I rarely drive over 5 miles from the first to last destination. I have had as much as around 15 or so miles of driving in between, but it's rare.


----------



## jaxbeachrides (May 27, 2015)

The traffic helps. But not everything. The 4.5 hr they gave me yesterday was 10 packages short of the itinerary, and still took the full 4.5 plus an hour drive back. 3 cities in 2 counties I had never seen a route that stupid.

I have to be ok with most of the routes but sometimes it's not worth it for sure.


----------



## Prawn Connery (Mar 26, 2020)

I work in a very dense urban city. Traffic is everything


----------



## Prawn Connery (Mar 26, 2020)

Damnit. Came close to matching my record, but fell shy of ONE MINUTE.

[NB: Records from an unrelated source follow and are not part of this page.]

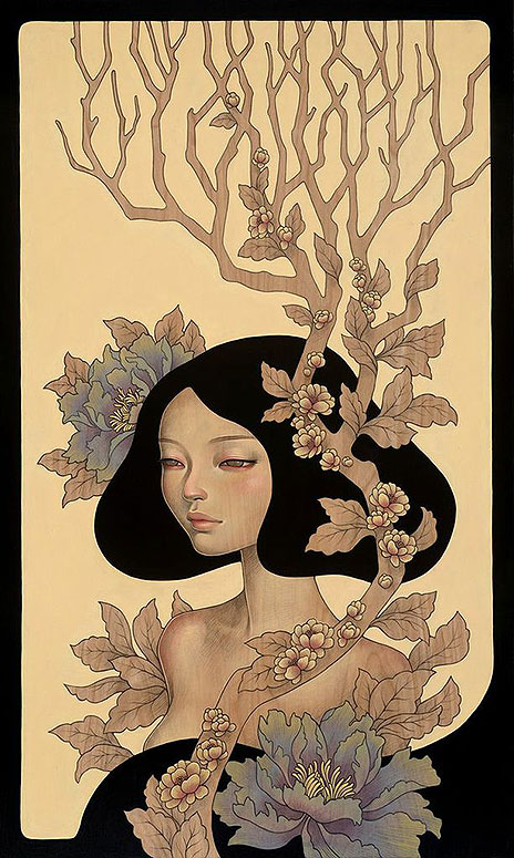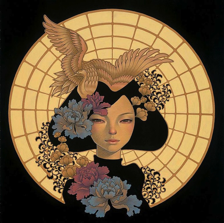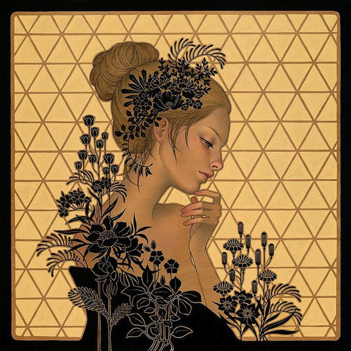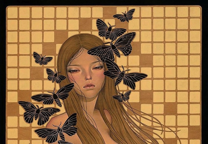 Los Angeles-based artist Audrey Kawasaki is back with a gorgeous new set of wood panel paintings she's created just for Thinkspace gallery's new show at SCOPE art fair in Miami Beach. Running during Art Basel week, or December 3 to December 8, SCOPE brings together over 100 intentional galleries all under one roof, which each feature work from emerging contemporary artists. This year, SCOPE is at its new location, a huge 70,000 sq. ft. pavilion right on the sands of Miami Beach.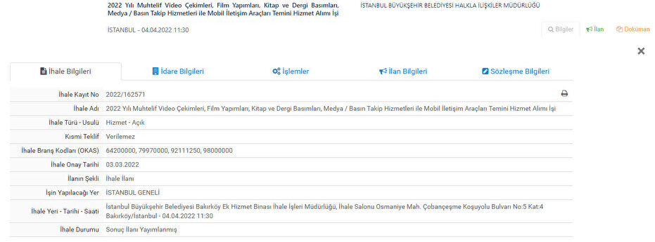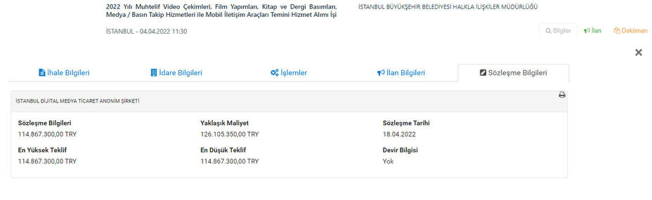 CHP'li İstanbul Büyükşehir Belediyesi'nin yatırımların tanıtımı, kitap ve dergilerin basımı için 114 milyon TL'ye ihale yaptığı ortaya çıktı. Metrobüs alabilmek, yol yapabilmek için hükümetten ek bütçe talep eden İBB Başkanı Ekrem İmamoğlu'nun film için ayırdığı bütçe eleştirilere neden oldu.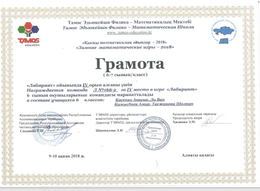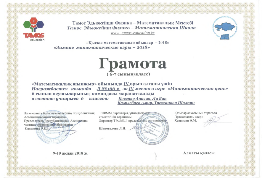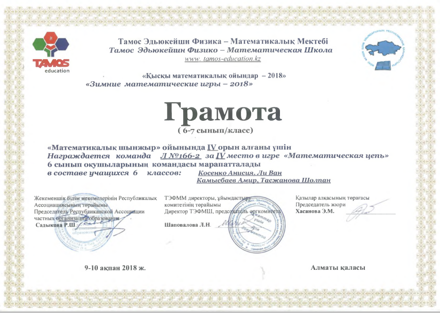 2. Зимние математические игры, грамота, 4 место (2018 г.)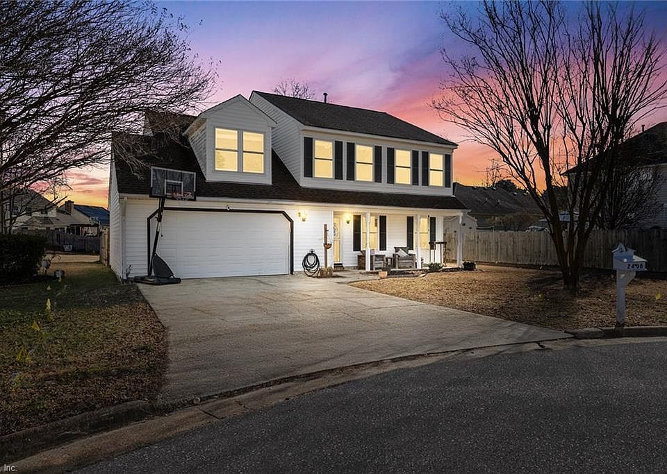 Your dream home just dropped. Ready to snag it? Check out this stunning 4-bed, 2.5-bath 2-story home in Virginia Beach! You’ll love the curb appeal and the modern interior that’s fresh, fun, and 100% move-in ready. The updated kitchen features sleek SS appliances and gorgeous countertops, while the living room’s focal-point fireplace adds cozy vibes. The functional layout makes it easy to entertain while defining spaces. Upstairs, the spacious primary has its own updated en-suite, while 3 other bedrooms (including the loft-style F.R.O.G.) share a modern full bath. Need space to relax outside? Step out onto your completed deck and into a fully fenced yard for all the space and privacy you need. There’s also a detached shed and an attached 2-car garage for extra storage. This home’s the fresh start you’ve been waiting for; schedule a showing today!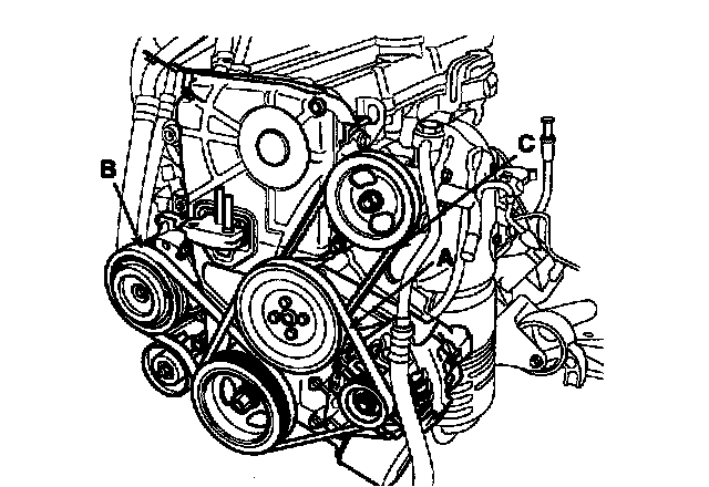 7. Remove the power steering pump drive belt (C).

4.5h large vehicle block done in 1h46m.

Beautiful day out by the Pacific ocean.


----------



## Prawn Connery (Mar 26, 2020)

Serves me right, being all smug yesterday; my block from hell today took over 3 hours, which sets a new record for me for the longest ever for a 4.5h block. Win some, lose some. When I saw the city on the labels as I scanned the cart, I already knew I was in for a rude one before the first package was delivered.


----------



## jaxbeachrides (May 27, 2015)

Going on 6 hours for my 4.5 yesterday. Traffic is back and they never included it to begin with. No more 4.5s. Which I think are just 5 hr routes anyways because I don't even see 5hr routes offered anymore.


----------